● What you should do
Starting from the line containing "- Has 0 grams", give again every line through the end of the entries, word for word. Pictures stay out of the copy.

Dataset items:

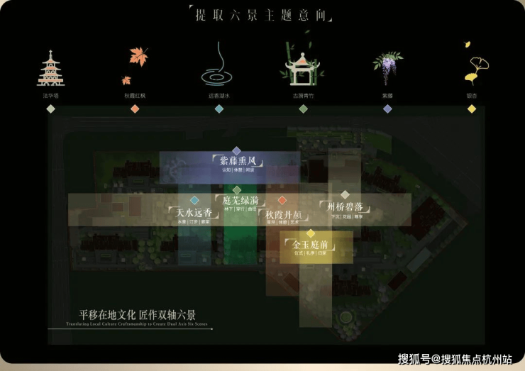 项目园林对轴线的运用同样出彩,堪称神来之笔的 “双轴六境” ,由 “礼序归家轴+景观漫步轴” 纵横交织,融在地文化,以“非遗”竹编形制,铺陈园林步道,同步淬取 “州桥壁落”、“紫藤熏风”、“天水远香” 等嘉定古今6景,提炼细节元素及专属色系,营造主题园林空间。
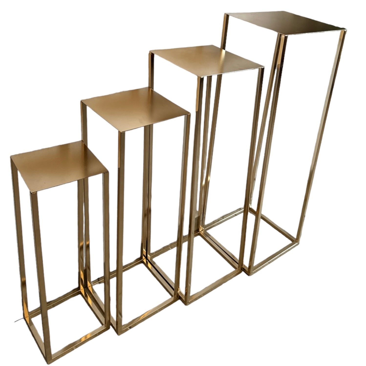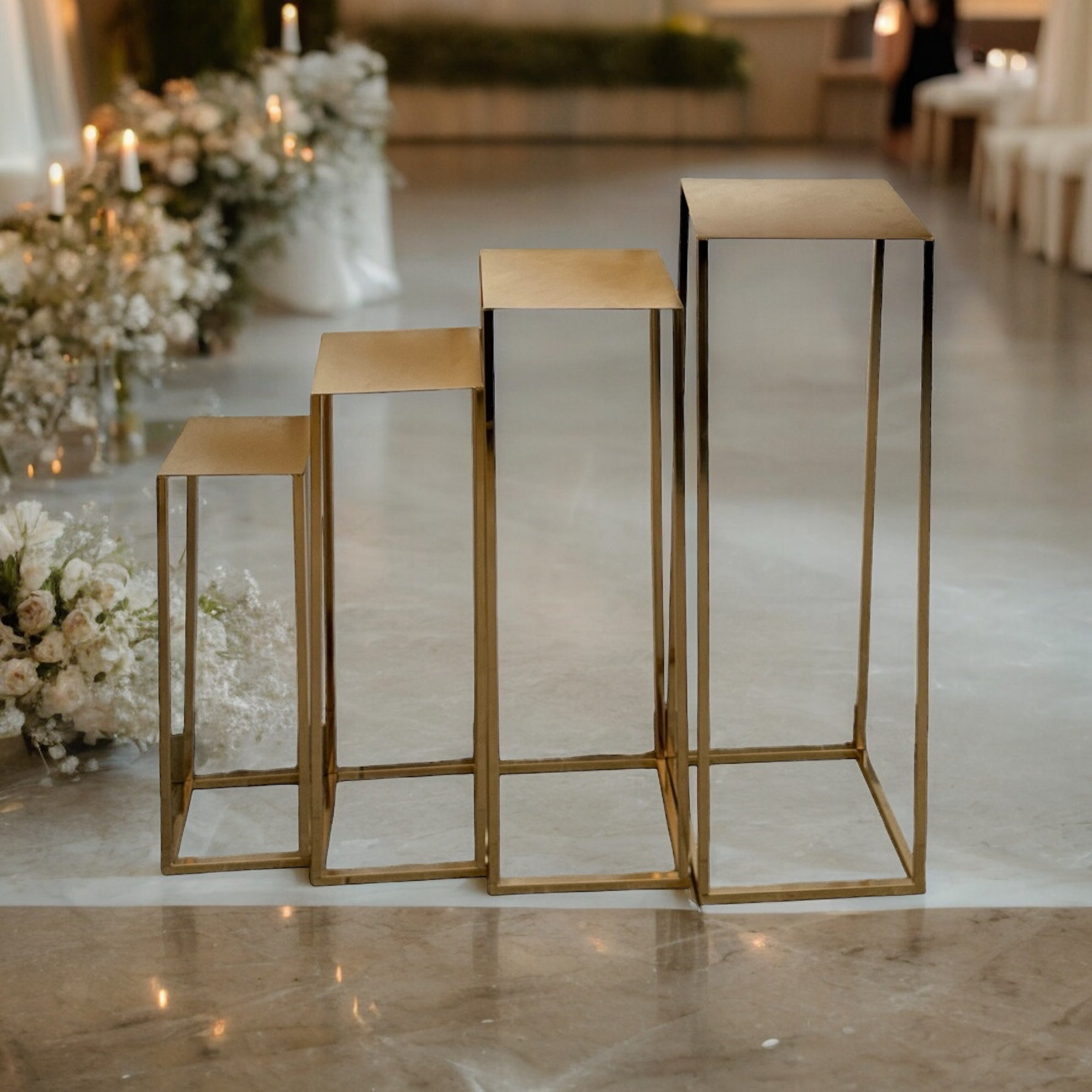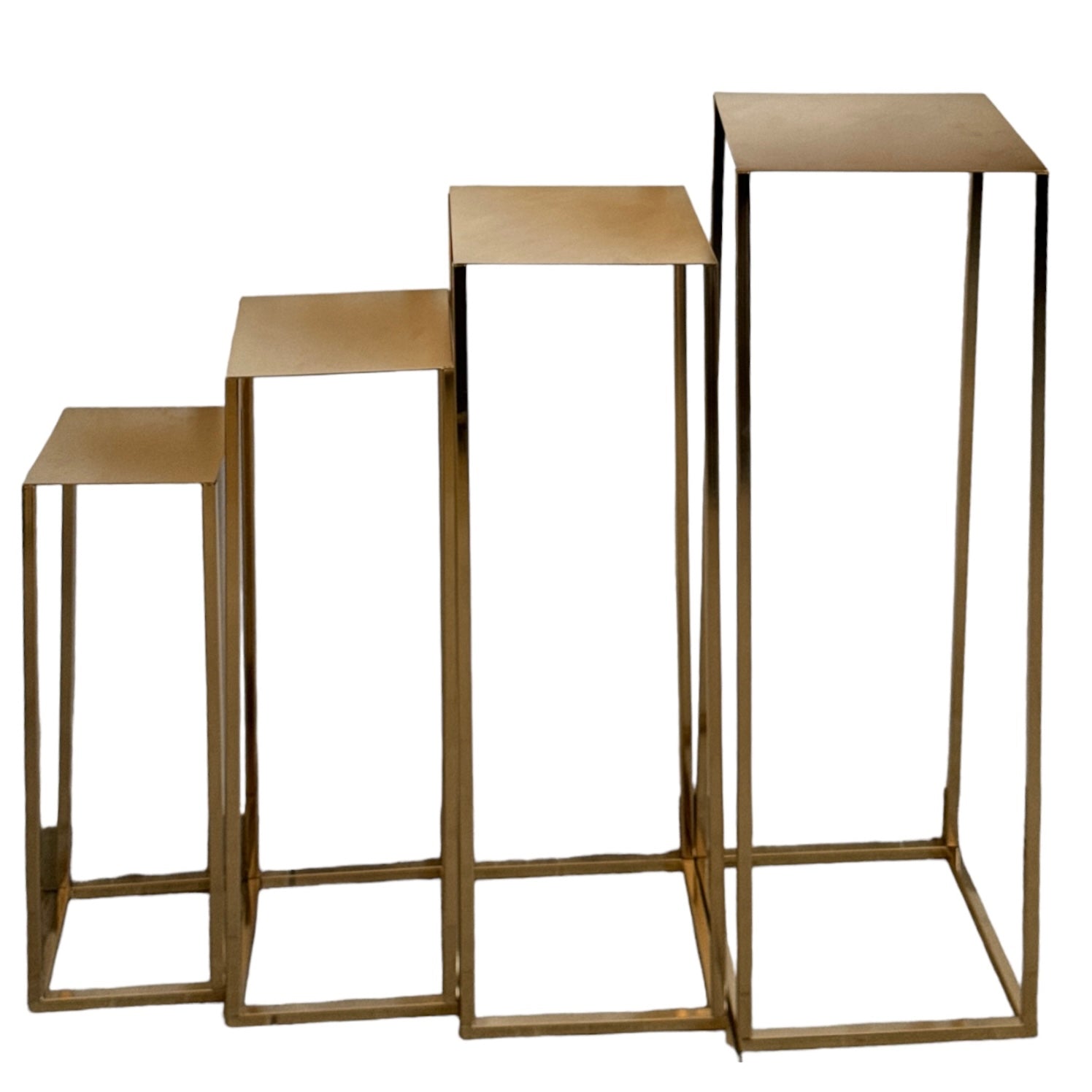 Adăugați un strop de modernitate și eleganță spațiului vostru cu acest set de mese metalice pătrate. Acest set include patru mese de dimensiuni diferite, care se îmbină perfect pentru a obține un efect vizual sofisticat și practic. Fabricate din metal durabil, aceste mese sunt ideale pentru a expune plante, obiecte decorative sau a servi ca suporturi elegante pentru diverse articole.
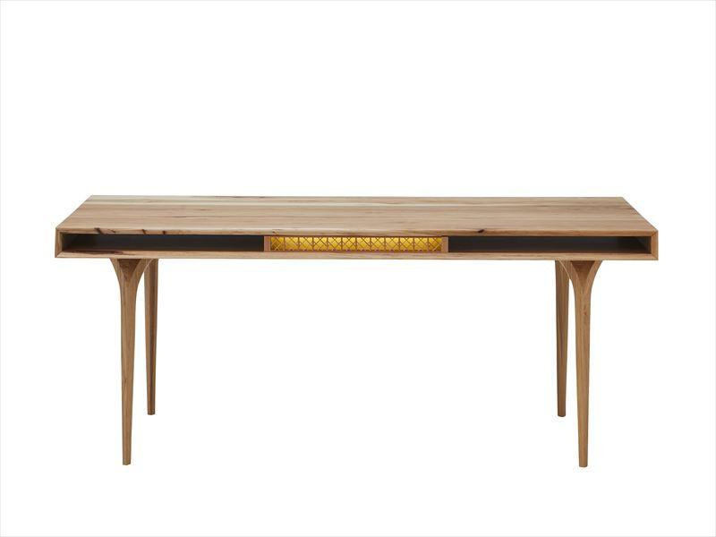 明るい色合いが特徴のヒッコリー材は天板の木目一つひとつにも味わいがあります。
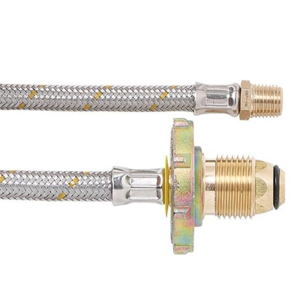 Bromic 6SHW0450 450mm Stainless Steel Gas Flexi Hose POL w Handwheel x 1/4 Inv Flare – Suits Twin Cylinders. 6mm Stainless Steel Pigtail 7/16-24 I/Flare x POL Hand Wheel (450mm). Bromic flexible stainless steel Class F pigtail assemblies are manufactured in accordance with AS1869 and approved by the Australian Gas Association for use with gas. 7/16-24 Inverted Flare x POL Hand Wheel connection, 450mm length. |
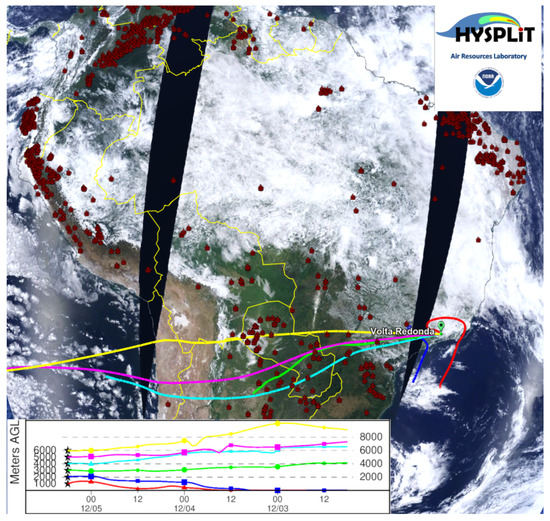 Three-day backward trajectories ending at Volta Redonda site with different altitude levels, from 1000 to 6000 m a.g.l., on 5 December of 2018 at 06:00 UTC. Several fire focuses, represented by the red points, are detected by AQUA MODIS and retrieved from the biomass burning database from the National Institute for Space Research (INPE)—http://queimadas.dgi.inpe.br/queimadas/portal (accessed on 17 September 2021).
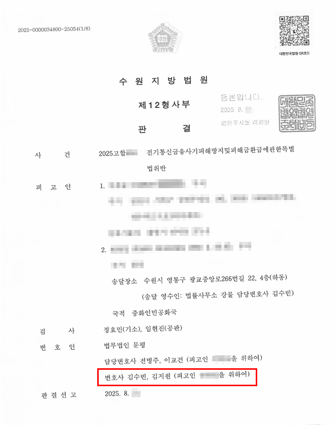 SUCCESS STORY[보이스피싱/집행유예] 친구에게 속아 보이스피싱 감시책으로 활동한 중국인에 대하여 집행유예 받아낸 사안
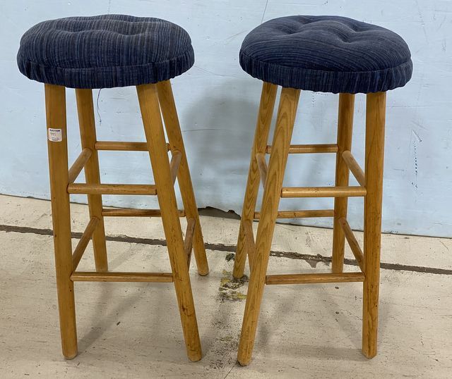 Pair of oak bar stools, upholstered cushions, 30"h. Pair of oak bar stools, upholstered cushions, 30"h.
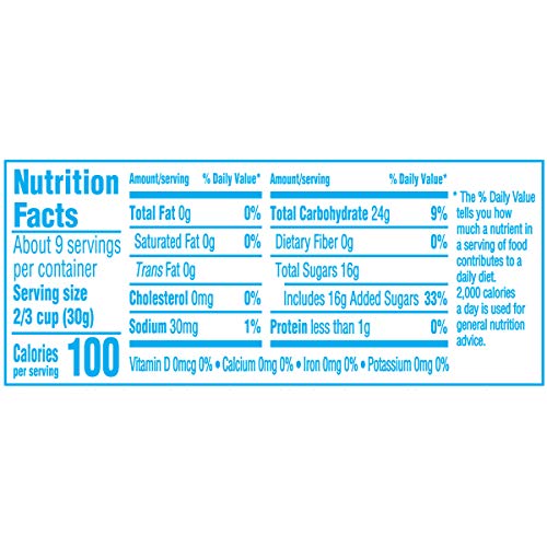- Has 0 grams of trans fat and 0 grams of total fat per serving
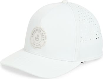 Perforated panels add textural interest and breathable comfort to this baseball cap, secured with a snapback strap for a perfect fit.
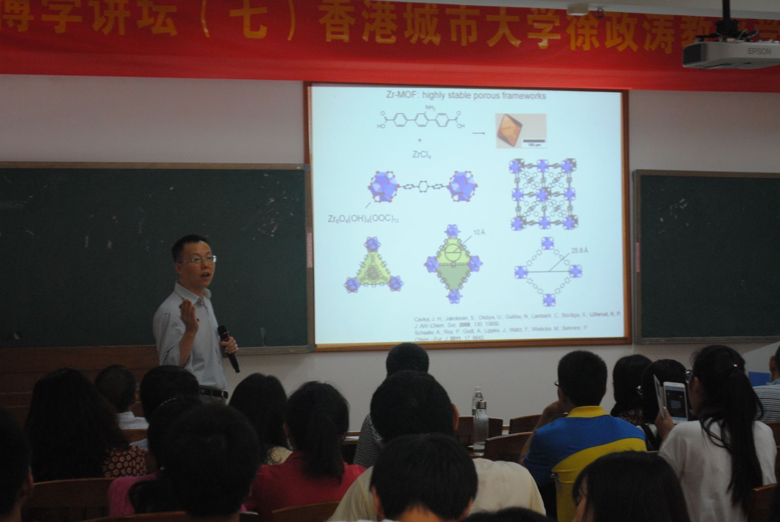 博学讲坛系列讲座第八讲在工学三号馆208学术报告厅如期举行,主讲嘉宾是来自香港城市大学的徐政涛教授,讲座由副院长郭建维教授主持。徐政涛教授长期致力于新型多孔聚合物和金属有机框架(MOF)的研究,已在国际期刊上发表高水平论文50多篇。
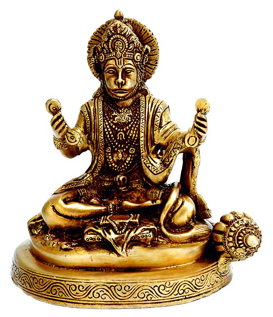 The beautiful brass figure of the Lord Hanuman, the great devotee of Lord Ram, is given a detail and refine treatment with some beautiful carvings on it. Lord Hanuman is a symbol of great devotion and strength. Here the Lord is shown singing the devotional bhajans of Lord Ramchandra. His deep devotion for Lord Ram is legendary and he played a significant role in rescuing Sita from the clutches of Ravana, the demon king.
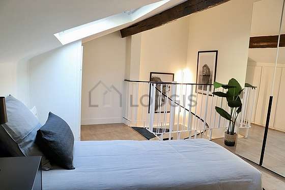 Delle finestras anti-rumore questa camera spazioso offre l'equipaggiamento necessario per riposarti durante il tuo soggiorno : lenzuola, guardaroba, armadio, armadio, comodino, floor lamp, pouffe, painting.
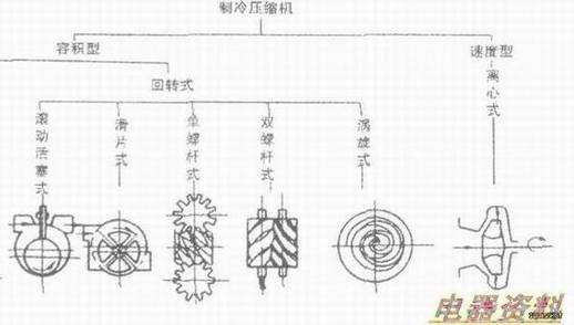该型压缩机主要用在大型冷水设备上。它的旋转速度快,一般为30r/s~1500r/s,吸气量为O.03立方米/S~15立方米/s,靠叶轮离心旋转压缩制冷剂,像水泵叶轮的原理一样,只是构造上有所区别。当转向与压缩机设计相反时,压缩机不工作,所以要求压缩机按规定的方向旋转,即有相序作保障。
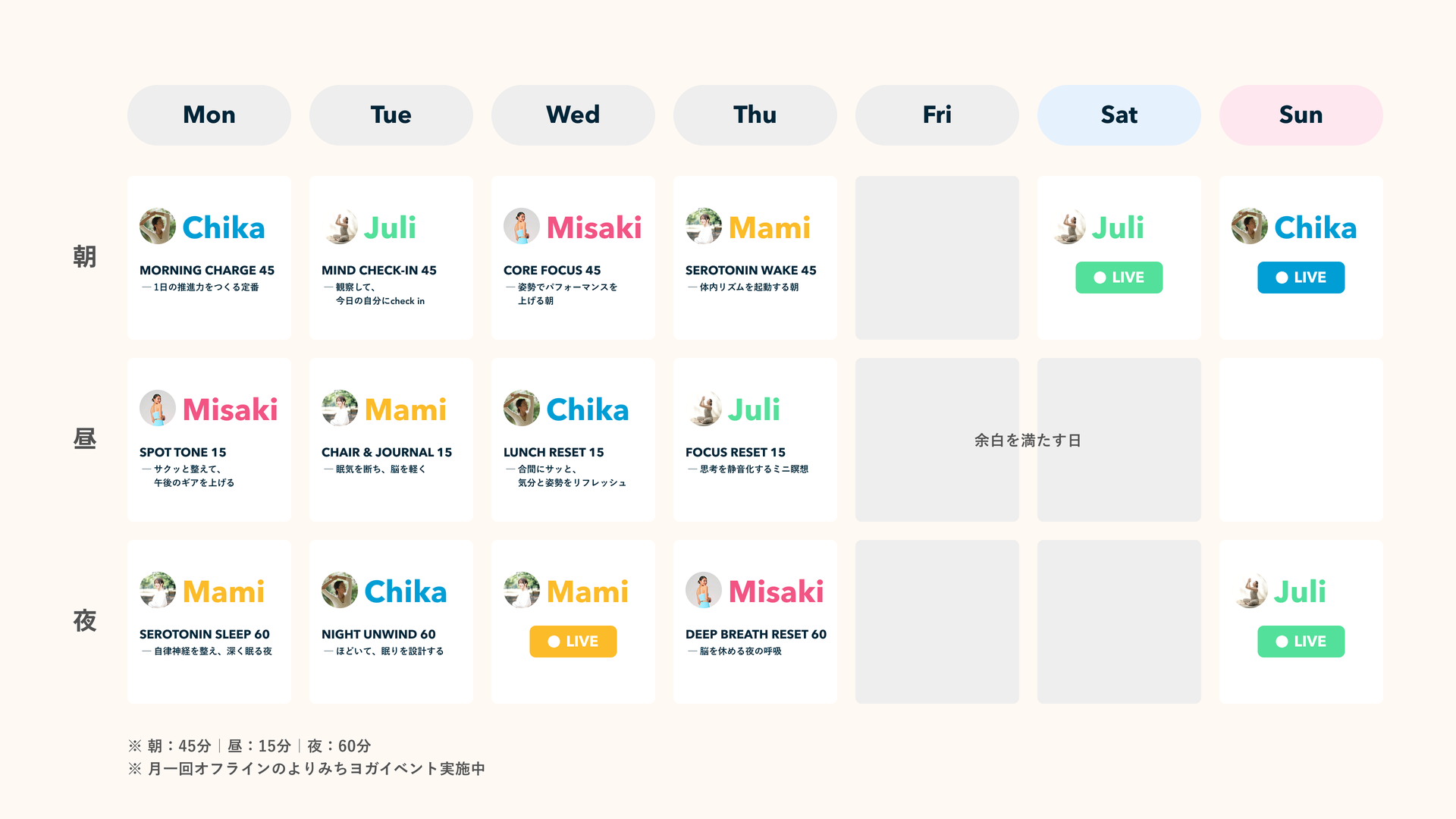 一週間を通じて、朝はスイッチを入れる、昼はリセット、夜はリラックス…という目的を軸にしながら、“働く人の一週間に寄り添うオリジナルプログラム”として設計しています。

● Answer section
- Has 0 grams of trans fat and 0 grams of total fat per serving
 Perforated panels add textural interest and breathable comfort to this baseball cap, secured with a snapback strap for a perfect fit.
 博学讲坛系列讲座第八讲在工学三号馆208学术报告厅如期举行,主讲嘉宾是来自香港城市大学的徐政涛教授,讲座由副院长郭建维教授主持。徐政涛教授长期致力于新型多孔聚合物和金属有机框架(MOF)的研究,已在国际期刊上发表高水平论文50多篇。
 The beautiful brass figure of the Lord Hanuman, the great devotee of Lord Ram, is given a detail and refine treatment with some beautiful carvings on it. Lord Hanuman is a symbol of great devotion and strength. Here the Lord is shown singing the devotional bhajans of Lord Ramchandra. His deep devotion for Lord Ram is legendary and he played a significant role in rescuing Sita from the clutches of Ravana, the demon king.
 Delle finestras anti-rumore questa camera spazioso offre l'equipaggiamento necessario per riposarti durante il tuo soggiorno : lenzuola, guardaroba, armadio, armadio, comodino, floor lamp, pouffe, painting.
该型压缩机主要用在大型冷水设备上。它的旋转速度快,一般为30r/s~1500r/s,吸气量为O.03立方米/S~15立方米/s,靠叶轮离心旋转压缩制冷剂,像水泵叶轮的原理一样,只是构造上有所区别。当转向与压缩机设计相反时,压缩机不工作,所以要求压缩机按规定的方向旋转,即有相序作保障。
 一週間を通じて、朝はスイッチを入れる、昼はリセット、夜はリラックス…という目的を軸にしながら、“働く人の一週間に寄り添うオリジナルプログラム”として設計しています。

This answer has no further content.